** Recorded information follows **

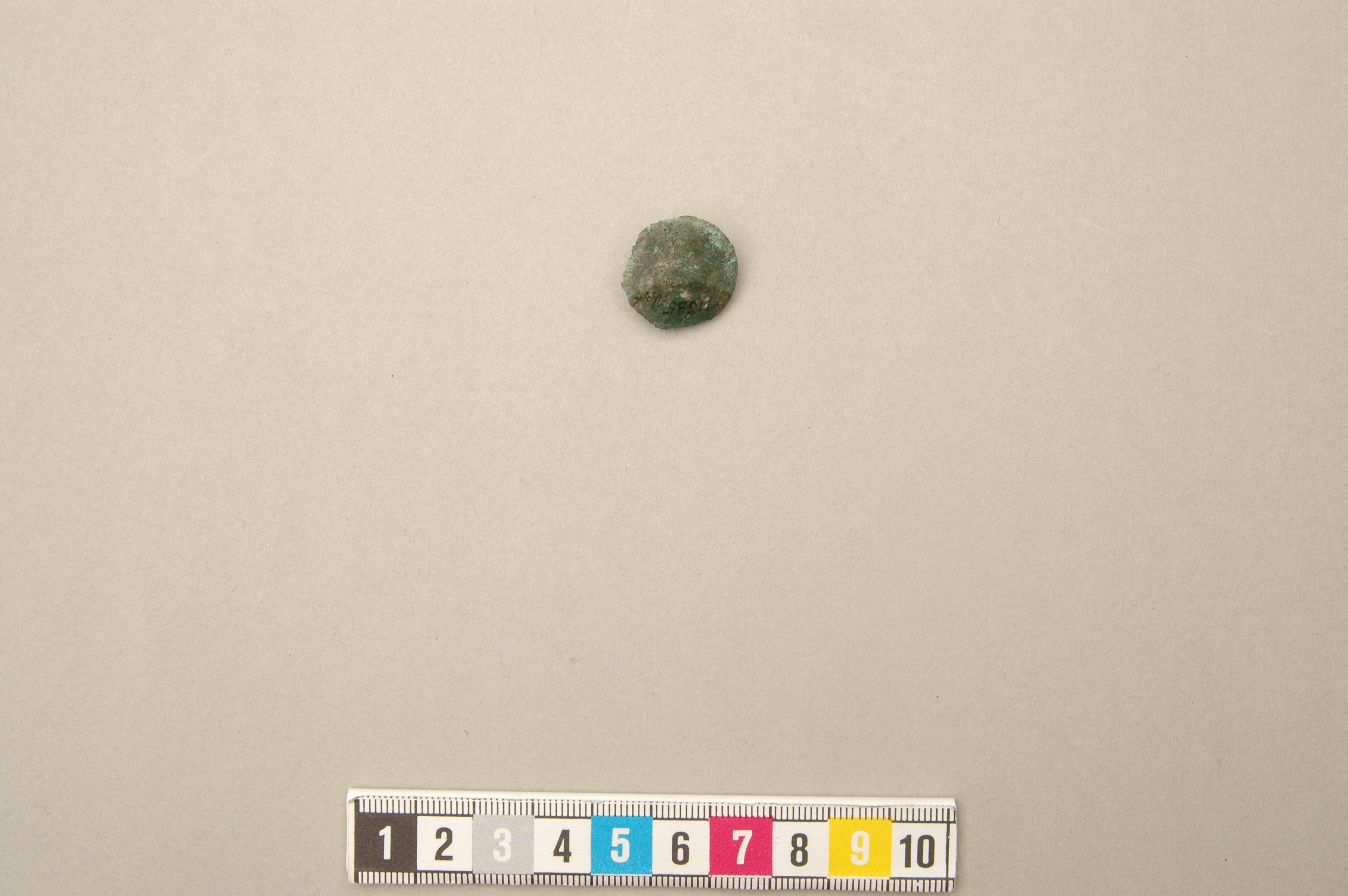 Dubbelknapp av brons med närmast platt huvud och ståndare med nitbricka på baksidan.
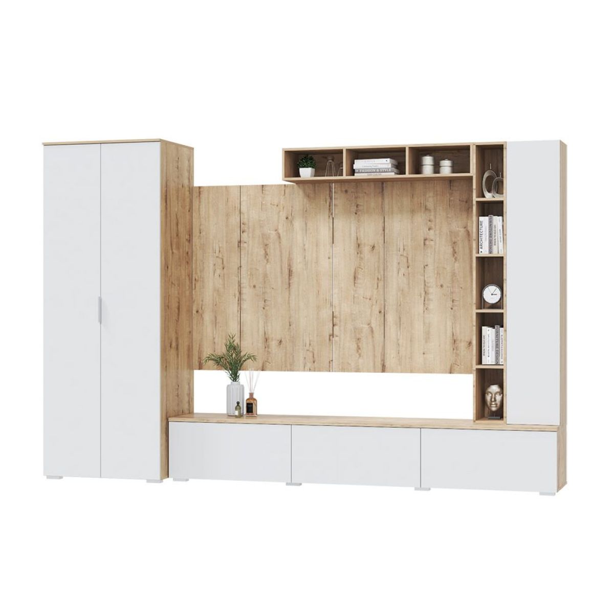 ТВ тумба Сканди с 3-мя дверками, дуб бунрати/белый 1 шт
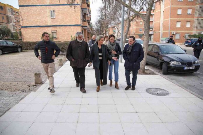La alcaldesa, acompañada por la edil de Obras, Noelia de la Cruz; la edil de Parques y Jardines, Marta Medina, y la edil y presidenta del Consejo de Participación del Polígono, Ana Belén Abellán, ha destacado que la actuación de reparación de aceras y calzadas en estas siete calles surgió después del desastre ocasionado por el temporal de nieve y frío Filomena que dañó sustancialmente el pavimento.
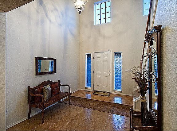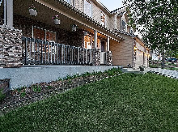 Beautiful 2Story Home on Corner LotCovered PorchStacked Stone TrimWalk to ParkCentral AirSecurity SystemTiled Entry wHigh CeilingsIsland Kitchen wHardwood Floors EatIn Nook PantryRaised Panel Hickory Cabinets Updated AppliancesFamily Rm wGasLog Fireplace Formal Living Dining Rm wArched EntryLaundry 4 BRMS UpVaulted MBR w5Piece BathFull Bsmt w Wet Bar Rec Rm Lge BR and Full BathStorage3Car GarageStamped Concrete PatioBacks to Walking Trail to Area Pool Tennis Courts
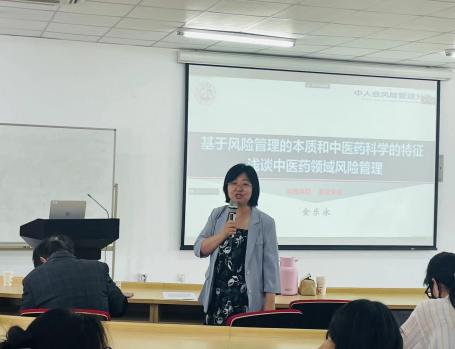 金教授的讲座主要从风险管理的本质、对中医药领域风险管理的认识和关于中医药领域风险管理的思考三个方面展开。第一部分从党中央的文件和部署引入,讲解了风险管理的基础理论,强调要辩证认识风险管理的本质,辨析了风险管理与常规管理的方法,使大家对所学专业有了更为深刻的认识。第二部分金教授表示自己通过准备本次讲座,发觉中医药科学具有风向管理天赋特征,提出“深刻认识中医药科学与风险管理的关系,继承发扬中医药科学中的风险管理思想,运用唯物辩证思维方法、增强防范化解风险本领,大力推进现代科技与中医药科学结合,依法从业、增强中医药行业法律风险免疫力”五点思考。
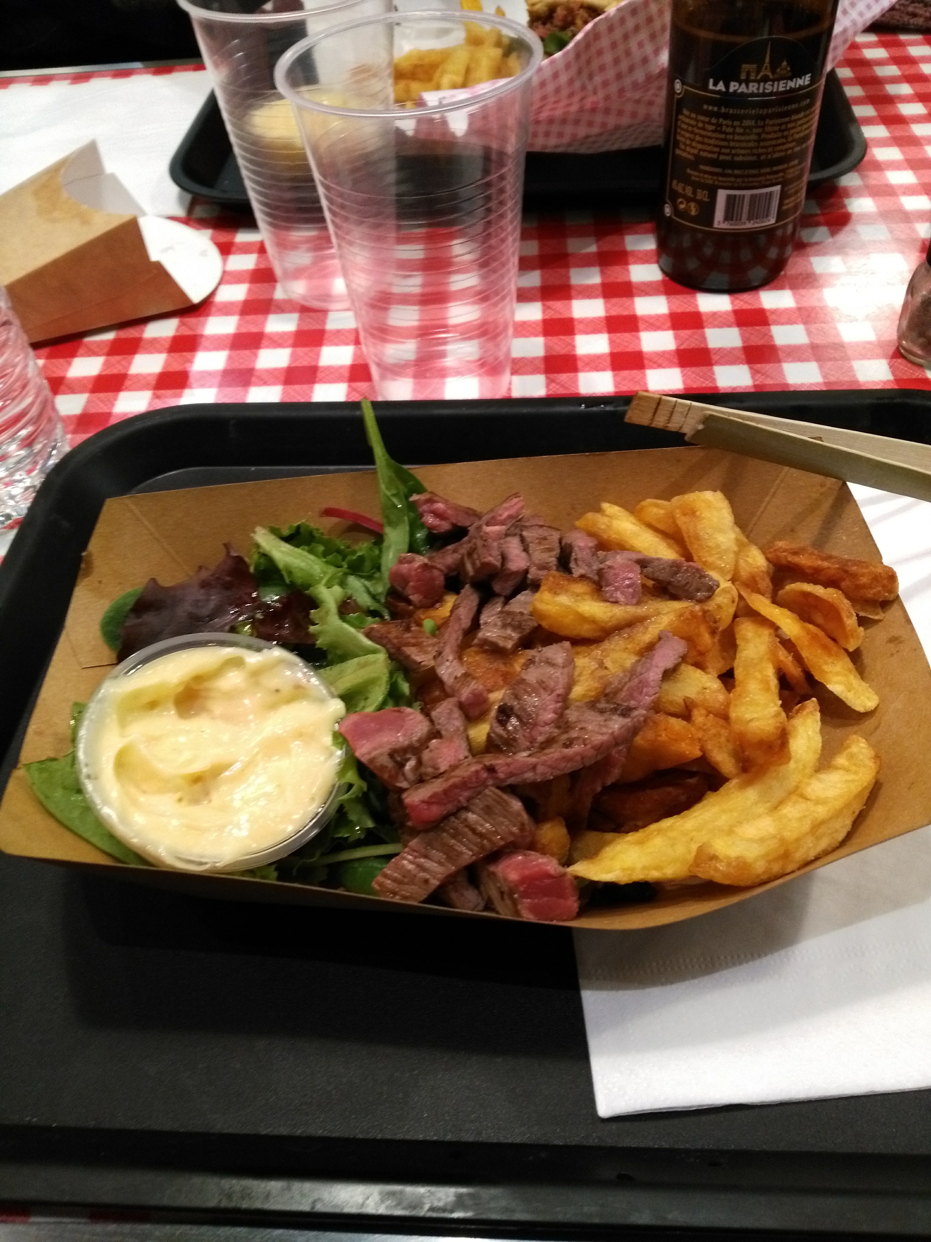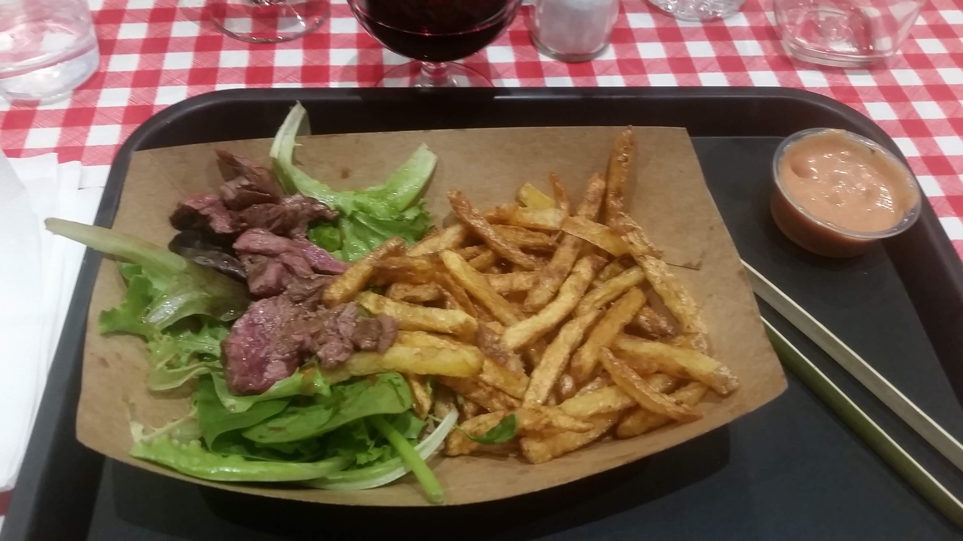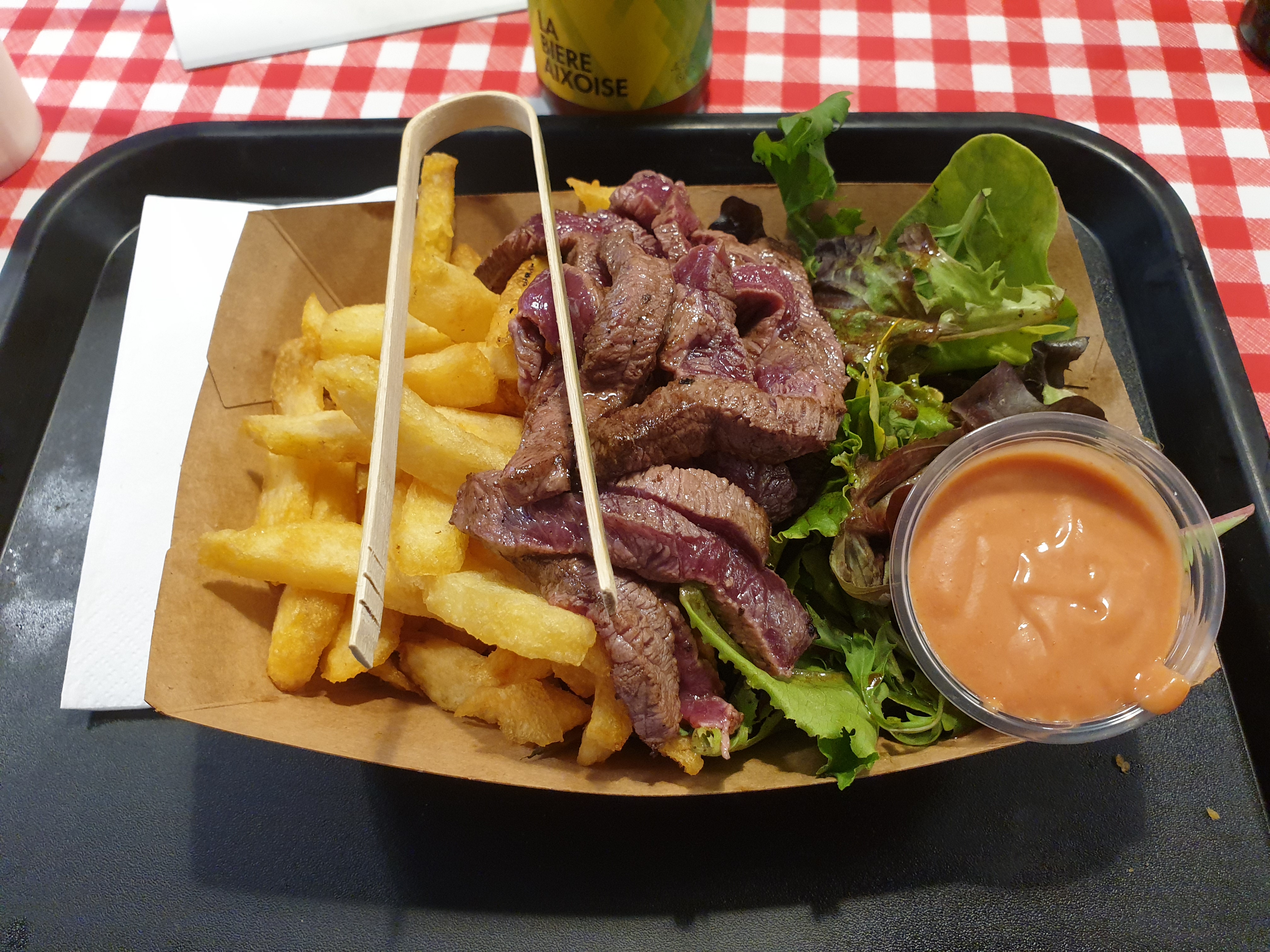 Viande et cuisson superbe, frites de bonne qualité, sauce maison sympathique ; bref, tout pour plaire ! Gros bon point pour le serveur topissime !
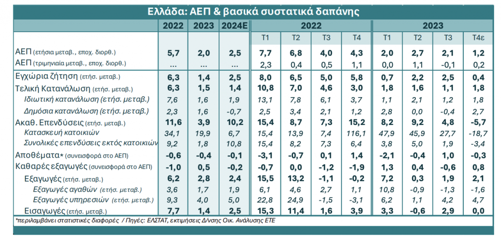 Η μείωση της αγροτικής παραγωγής λόγω της καταστροφικής πλημμύρας στη Θεσσαλία και η προσωρινή εξασθένηση των πάγιων επενδύσεων επιβράδυναν την οικονομική δραστηριότητα το τέταρτο τρίμηνο του 2023, αλλά η ανάπτυξη ιδεών προβλέπεται να επιταχυνθεί στο 2,5% ή ακόμη περισσότερο το 2024, σύμφωνα με ανάλυση κειμένου της Εθνικής Τράπεζα. Η ενίσχυση των μηνιαίων βασικών δεικτών οικονομικής δραστηριότητας προαναγγέλλει επιτάχυνση της αύξησης του ΑΕΠ το πρώτο τρίμηνο του 2024 στο 1,8% ετησίως (0,7% εποχικά προσαρμοσμένο, σε τριμηνιαία βάση), σύμφωνα με την επικαιροποιημένη πρόβλεψη του Τμήματος Εθνικής Οικονομικής Ανάλυσης. η οποία διατηρεί την πρόβλεψη ανάπτυξης για υψηλότερο {επίπεδο} φέτος.
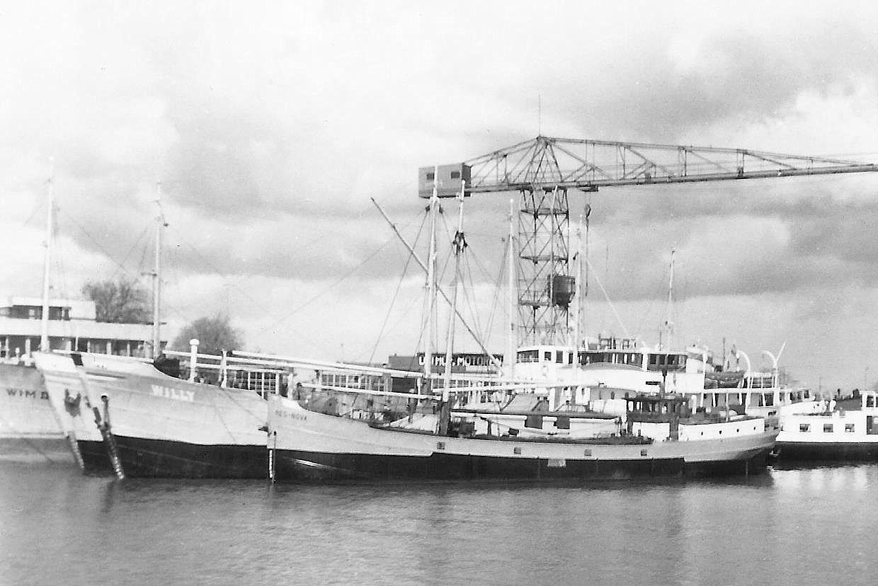 De RES- NOVA, samen met de WILLY, ?? en de WIM II bij Motorenfabriek Olthof in Capelle a/d IJssel in de midden zestiger jaren. |

** End of Recorded information **

| Your objective |
Leave out the pictures and repeat exactly the lines from the first line of the data through the line containing "ТВ тумба Сканди". Add nothing else.

| Answer space |
 Dubbelknapp av brons med närmast platt huvud och ståndare med nitbricka på baksidan.
 ТВ тумба Сканди с 3-мя дверками, дуб бунрати/белый 1 шт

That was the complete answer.